**WHAT IS EXPECTED**
Start at the line with "Development of sex" and print every line through the end of the material below. Keep it exact and free of pictures.

**PROVIDED MATERIAL**
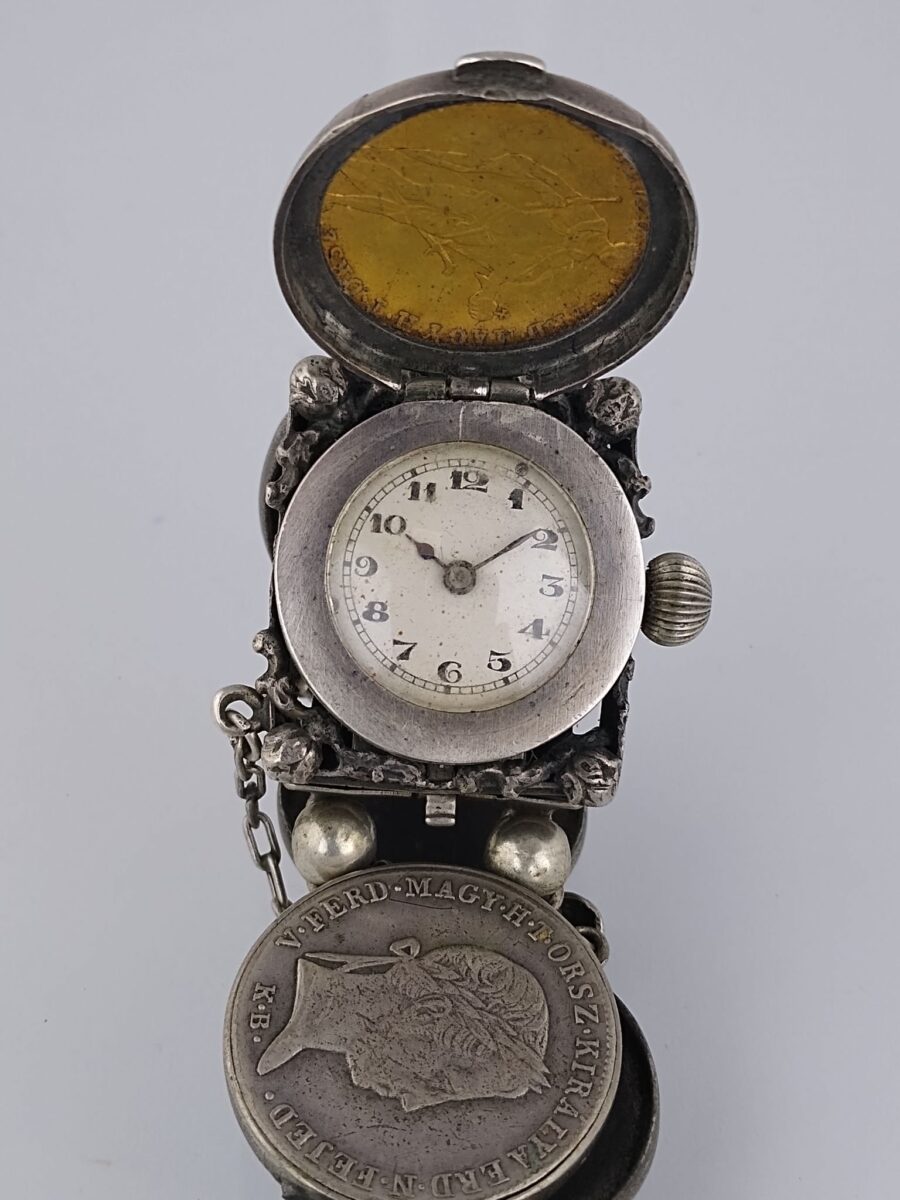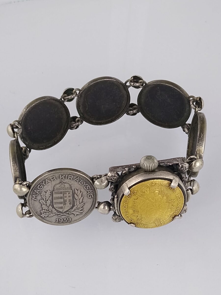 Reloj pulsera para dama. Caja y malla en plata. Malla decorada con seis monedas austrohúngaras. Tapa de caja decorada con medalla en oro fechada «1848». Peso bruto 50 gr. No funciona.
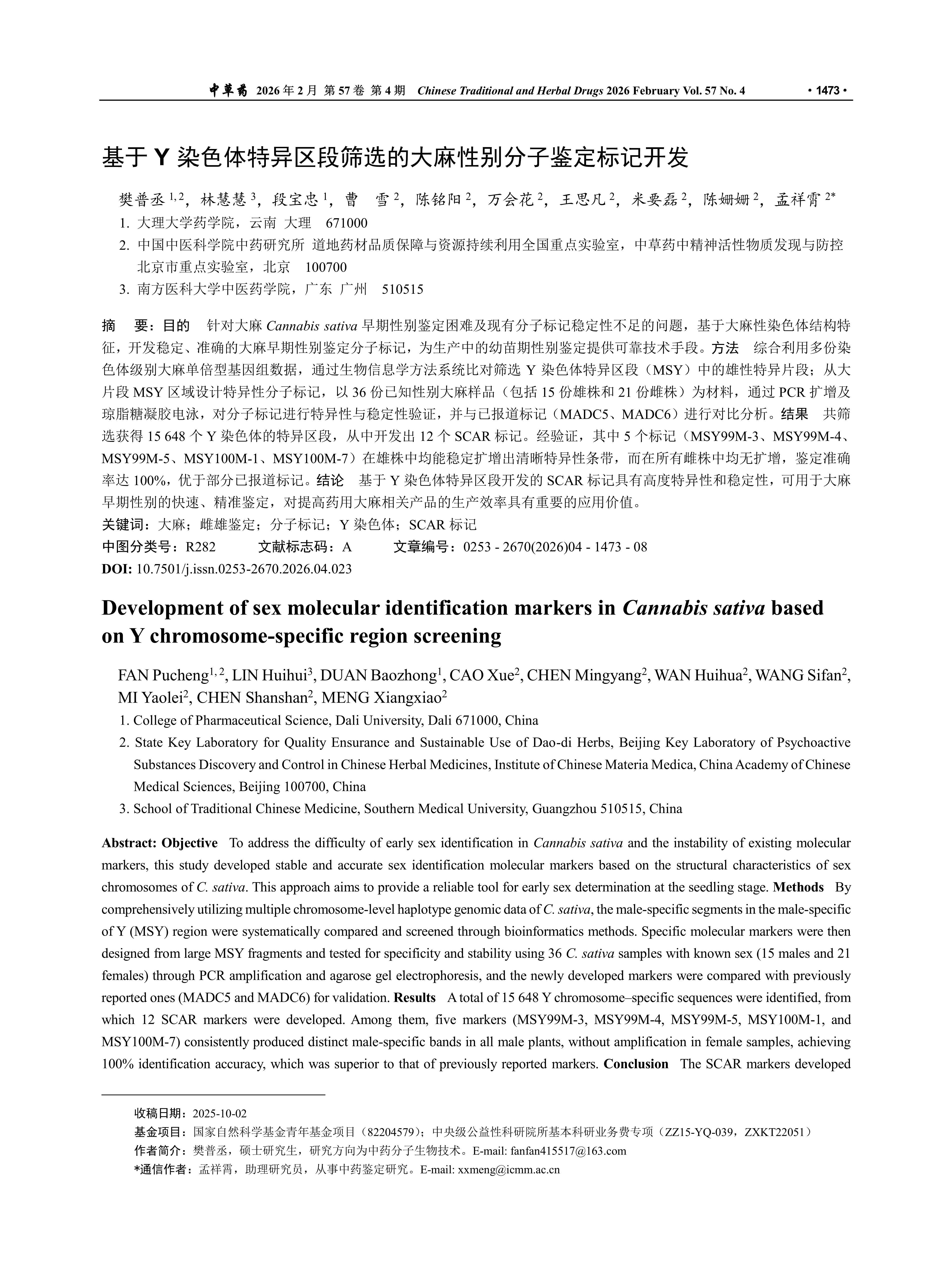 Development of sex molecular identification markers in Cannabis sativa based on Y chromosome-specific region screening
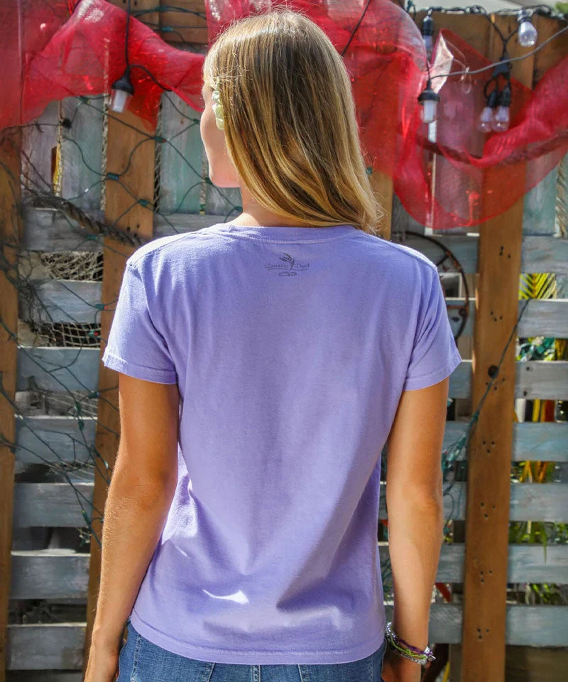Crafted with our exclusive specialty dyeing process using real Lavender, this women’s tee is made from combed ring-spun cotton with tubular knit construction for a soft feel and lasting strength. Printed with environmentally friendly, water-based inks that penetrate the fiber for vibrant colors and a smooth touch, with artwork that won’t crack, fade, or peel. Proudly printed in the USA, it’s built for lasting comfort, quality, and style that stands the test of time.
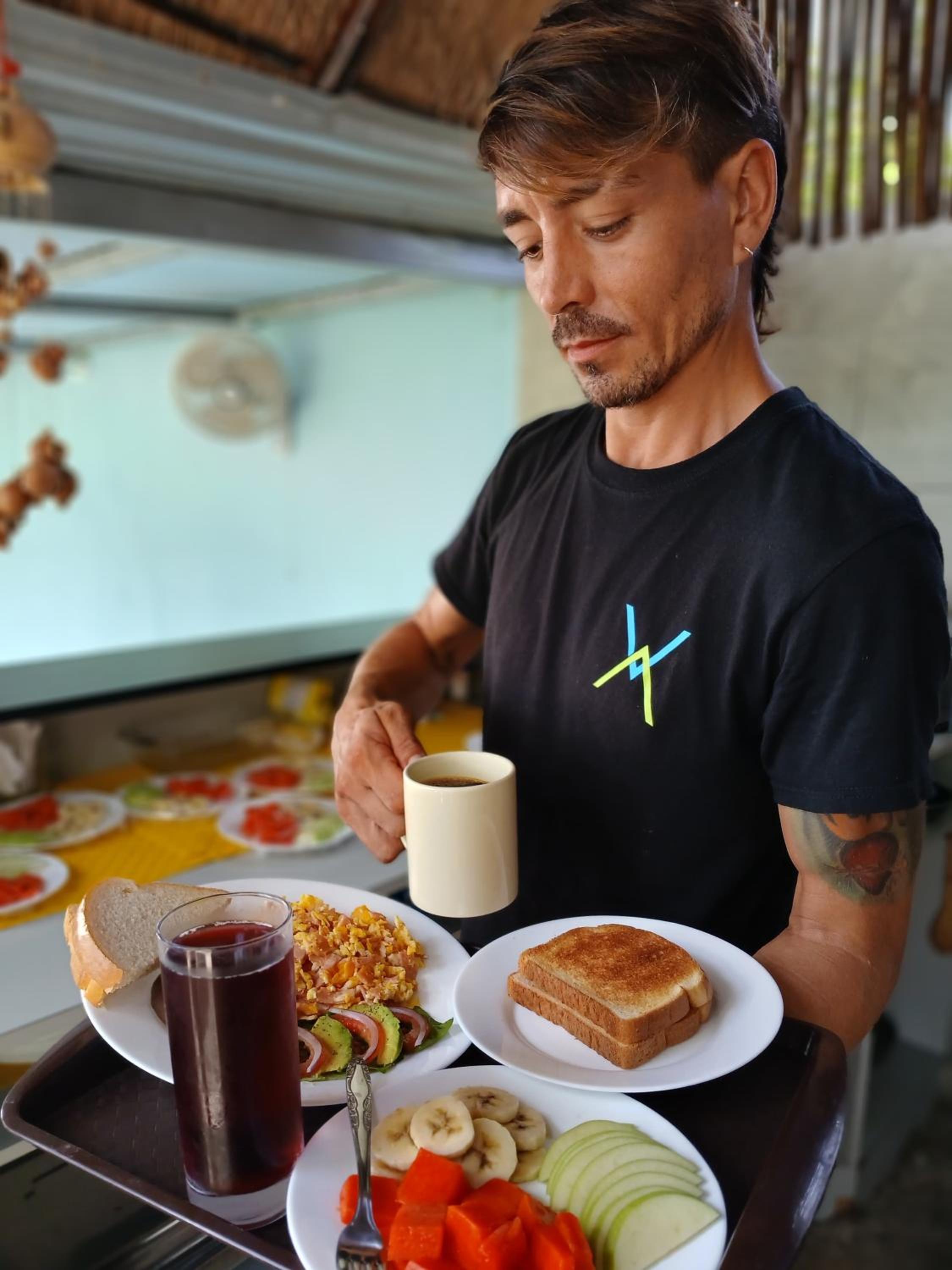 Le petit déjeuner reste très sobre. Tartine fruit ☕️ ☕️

**SOLVED EXERCISE**
 Development of sex molecular identification markers in Cannabis sativa based on Y chromosome-specific region screening
Crafted with our exclusive specialty dyeing process using real Lavender, this women’s tee is made from combed ring-spun cotton with tubular knit construction for a soft feel and lasting strength. Printed with environmentally friendly, water-based inks that penetrate the fiber for vibrant colors and a smooth touch, with artwork that won’t crack, fade, or peel. Proudly printed in the USA, it’s built for lasting comfort, quality, and style that stands the test of time.
 Le petit déjeuner reste très sobre. Tartine fruit ☕️ ☕️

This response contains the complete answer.